» Records supplied

=======

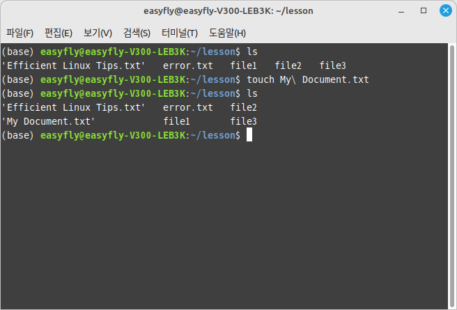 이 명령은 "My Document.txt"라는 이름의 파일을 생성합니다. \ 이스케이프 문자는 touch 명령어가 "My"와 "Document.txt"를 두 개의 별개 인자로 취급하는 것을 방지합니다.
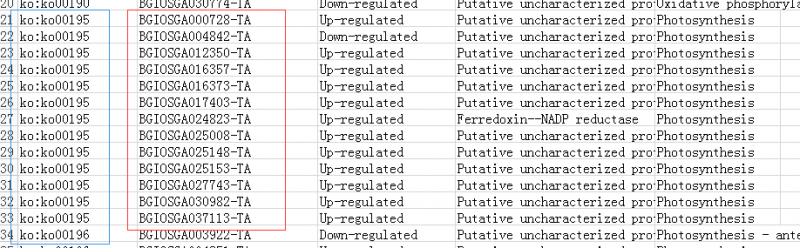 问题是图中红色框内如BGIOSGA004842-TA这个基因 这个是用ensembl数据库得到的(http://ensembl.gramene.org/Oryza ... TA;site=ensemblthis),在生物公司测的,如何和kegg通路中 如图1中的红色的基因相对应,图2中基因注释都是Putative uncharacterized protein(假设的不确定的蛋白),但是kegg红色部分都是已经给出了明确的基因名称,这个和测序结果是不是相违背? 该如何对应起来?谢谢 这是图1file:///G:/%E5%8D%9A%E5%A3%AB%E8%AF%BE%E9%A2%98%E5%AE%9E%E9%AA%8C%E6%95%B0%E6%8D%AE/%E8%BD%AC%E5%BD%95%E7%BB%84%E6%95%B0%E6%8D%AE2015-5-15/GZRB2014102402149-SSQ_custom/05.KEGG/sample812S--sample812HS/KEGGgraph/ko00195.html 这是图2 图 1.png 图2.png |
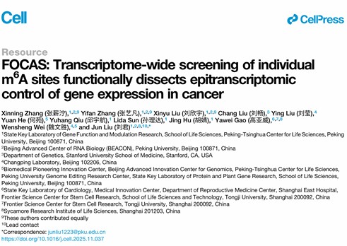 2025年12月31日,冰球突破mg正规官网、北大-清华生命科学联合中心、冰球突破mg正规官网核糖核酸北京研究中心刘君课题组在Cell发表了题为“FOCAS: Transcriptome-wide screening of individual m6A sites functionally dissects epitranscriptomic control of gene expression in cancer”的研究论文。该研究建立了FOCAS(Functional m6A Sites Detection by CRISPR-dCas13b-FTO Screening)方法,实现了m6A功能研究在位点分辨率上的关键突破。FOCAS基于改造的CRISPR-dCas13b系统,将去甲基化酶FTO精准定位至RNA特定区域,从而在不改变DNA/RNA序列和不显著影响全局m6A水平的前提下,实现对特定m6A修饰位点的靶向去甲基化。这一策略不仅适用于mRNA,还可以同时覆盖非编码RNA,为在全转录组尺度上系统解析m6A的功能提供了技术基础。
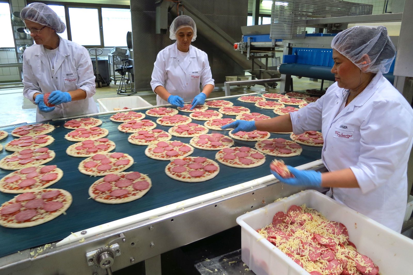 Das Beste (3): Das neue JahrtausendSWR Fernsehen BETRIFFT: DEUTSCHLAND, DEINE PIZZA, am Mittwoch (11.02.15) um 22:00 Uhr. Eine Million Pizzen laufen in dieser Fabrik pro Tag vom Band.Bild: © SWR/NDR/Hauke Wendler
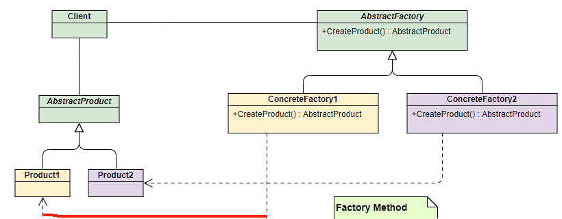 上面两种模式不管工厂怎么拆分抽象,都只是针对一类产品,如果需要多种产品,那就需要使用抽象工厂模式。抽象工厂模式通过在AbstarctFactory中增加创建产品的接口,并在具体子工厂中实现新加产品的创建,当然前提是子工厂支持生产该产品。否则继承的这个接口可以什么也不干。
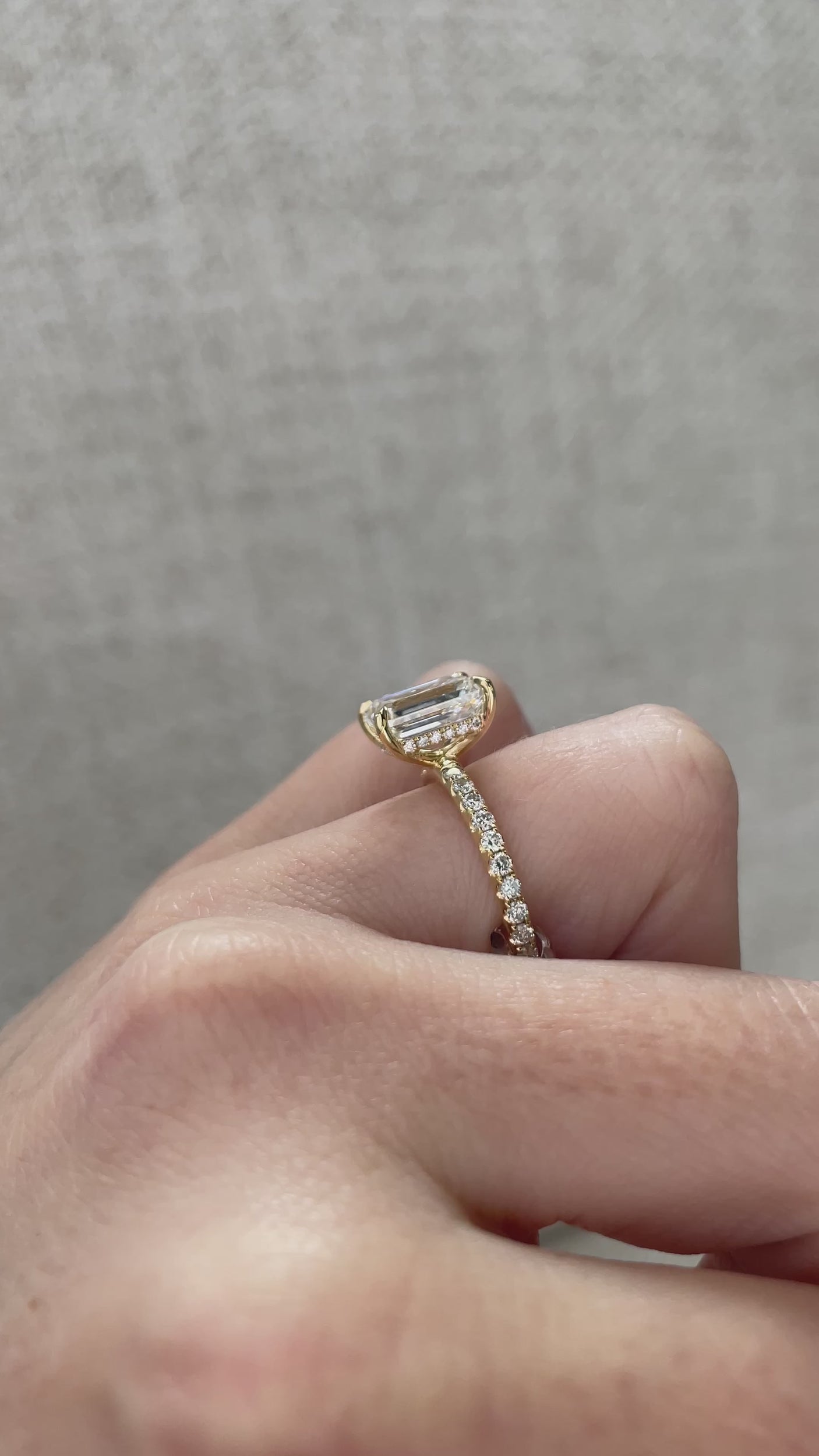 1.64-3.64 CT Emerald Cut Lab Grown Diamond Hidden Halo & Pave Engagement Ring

=======

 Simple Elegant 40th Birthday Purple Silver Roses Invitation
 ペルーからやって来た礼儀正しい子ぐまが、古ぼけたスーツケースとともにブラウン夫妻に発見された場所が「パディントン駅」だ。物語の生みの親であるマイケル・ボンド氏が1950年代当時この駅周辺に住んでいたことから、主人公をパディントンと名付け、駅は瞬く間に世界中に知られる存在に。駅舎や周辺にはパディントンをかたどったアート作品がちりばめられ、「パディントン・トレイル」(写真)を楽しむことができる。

=======

The required output is the stretch of entries above from the line containing "Simple Elegant 40th" through the line containing "ペルーからやって来た礼儀正し", reproduced exactly.

» Answer box
 Simple Elegant 40th Birthday Purple Silver Roses Invitation
 ペルーからやって来た礼儀正しい子ぐまが、古ぼけたスーツケースとともにブラウン夫妻に発見された場所が「パディントン駅」だ。物語の生みの親であるマイケル・ボンド氏が1950年代当時この駅周辺に住んでいたことから、主人公をパディントンと名付け、駅は瞬く間に世界中に知られる存在に。駅舎や周辺にはパディントンをかたどったアート作品がちりばめられ、「パディントン・トレイル」(写真)を楽しむことができる。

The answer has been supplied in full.